Just in case you don't really follow the General Forum ..

Here are a slew of pictures from the LAPC YB Lawn show from today. There were some interesting colors and feather patterns for me .. Also as you will see from the captions .. a WHOLE BUNCH of pigeons that I don't know what they are! 

http://www.rims.net/2008LAPCLawnShow/

Terry


----------



## MaryOfExeter (Sep 30, 2007)

Ooooo, they're all so pretty!
Since I have nothing else to do, I'll guess what breeds the ones without names in the captions are 
10 and 11 (maybe?) I think are Oriental Frills.
12 Chinese Owl
13 and 19 Bokhara Trumpeter?
21 Oriental Frill
22 Magpie/German or Ghent Pouter
25 Nun
26 Holle Cropper
38-41 English Long-faced tumbler
42 and 43 English Trumpeters
48 ASR
54 Starling?
73 english long-faced tumbler


Woo. I'm not that sure on any of those, but I guessed. Thank goodness for the Pigeon Breeds book! 

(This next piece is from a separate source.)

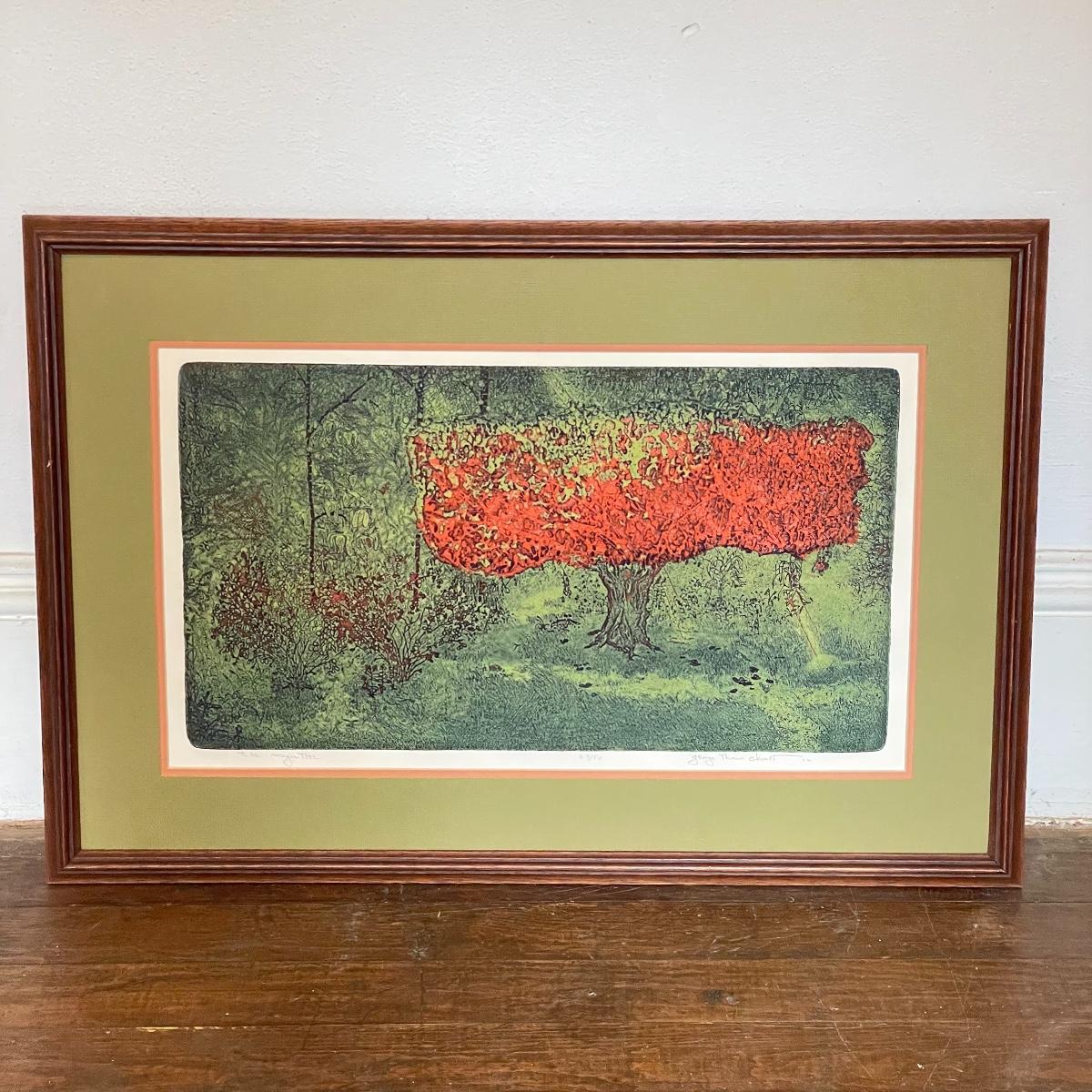 “The Magic Tree” Etching by George Thomas Chrest. Piece is numbered, titled and pencil signed. Art has a mat, but no glass in a wooden frame measuring 31” x 21.5”. Shipping available. Please call UPS with dimensions at 828-252-6930 for a shipping quote prior to bidding.

Maybe I should have posted this in the other thread for this...


----------



## TAWhatley (Mar 6, 2001)

Thanks Becky! Posting here is fine .. I'll collect all the ID's and sort them out and update the captions.

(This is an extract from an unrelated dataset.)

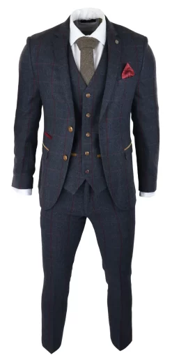 * Navy Blue Herringbone Tweed With Red Window Check Detailing, True 1920s Vintage Fashion With A Modern Twist
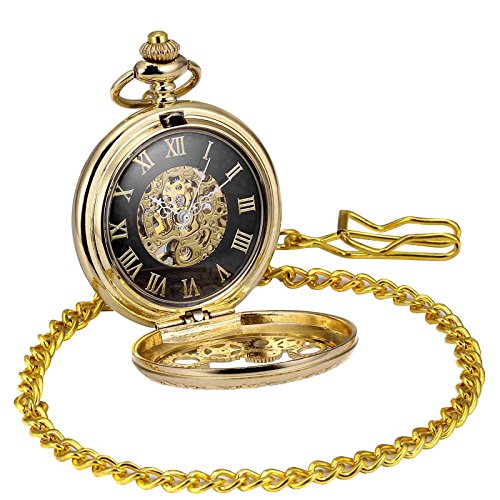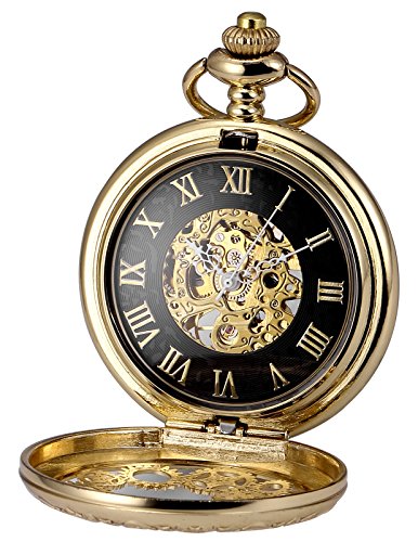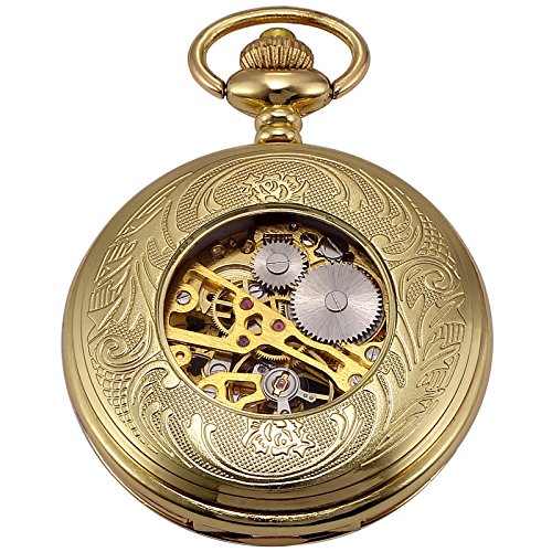 -. Title : AMPM24 Mechanical Pocket Watch Skeleton Golden Alloy Case WPK220

I just get carried away at the shows and take picture after picture with nobody to ask about what the breed is. At the lawn shows, there are no cage cards, so I'm clueless, but I have a great time anyway! 

Terry


----------



## TAWhatley (Mar 6, 2001)

Since Becky was first responder in this forum, here's another response:

_Wish I could have been there.....I think I have identified more of the birds....
10, 11, 12 and 77, 76 are all turbits, I think.
15, 18 Dyed birds....Lord Berners of England, a noted aesthete and brainiac, had one of the treasure houses of England, and every day after tea would loose his flock of pure white pigeons, all dyed lovely shades of pink (to match his underwear according to some of the local wags!) for the entertainment of the people with whom he had just enjoyed an afternoon of gossip and good food!
19, 20 Trumpeters
24 Frillback
26 Mondain
29 looks like my dear old Newt (who was white), and is probably a short faced tumbler, as are 38 & 40, I think.
40-42 Trumpeters again.....rosette on top, LOOOOOONG muffs on the bottom and a squatty stance.....not much for flying, just floor huggers but large, heavily feathered birds.
51 indeed a Jacobin (as were my ancestors, the MacDonalds!)
53, yes a darling little Chinese owl.....had one that had been attacked by a hawk and brought to me by a lady that rescued it. He was with me for three or four years before he died....probably an old bird who got lucky when the hawk attacked.
81 Fairy swallow......I used to have one of these....Probably the most beautiful breed I ever had. Were there no Indian fantails in the group? Used to have several, including one that looked like a turkey. Also had a mookie, and had not seen another until I got to look at an old guy's loft a couple of months ago. The rat wouldn't sell me any! ~n_

Terry


----------



## Margarret (May 3, 2007)

Terry, #54 is a Suabian. I 'm not sure that is the correct spelling.

Margaret


----------



## jbangelfish (Mar 22, 2008)

*Margaret is right*

About the Suabian and I think it was spelled right.
The Swallow is a Silesian Swallow, blue, white bar. Fairy Swallows are shell crested.
The Pouter with white bars is a Saxon Pouter.
I also noticed a Reversewing Pouter, Black (white wings)
The Trumpeters with the odd crests look like Bokhara Trumps but I don't even recognize the crest. I haven't been to a pigeon show in 30 years or so. 
I noticed a Nun also.
I don't know all the Pouters anymore. Some were probably Gaditano and Mercheno (sp?) which are both new to me but seem to be popular. You just didn't see alot of the breeds that have come around in the last 20 years or so back in my show pigeon days. Some are actually new breeds and some are old breeds from foreign countries that we just never used to see.
Things really change.
I'll go over them some more to see if I can identify any more that have not been identified. Frank would probably know them all as he is a judge.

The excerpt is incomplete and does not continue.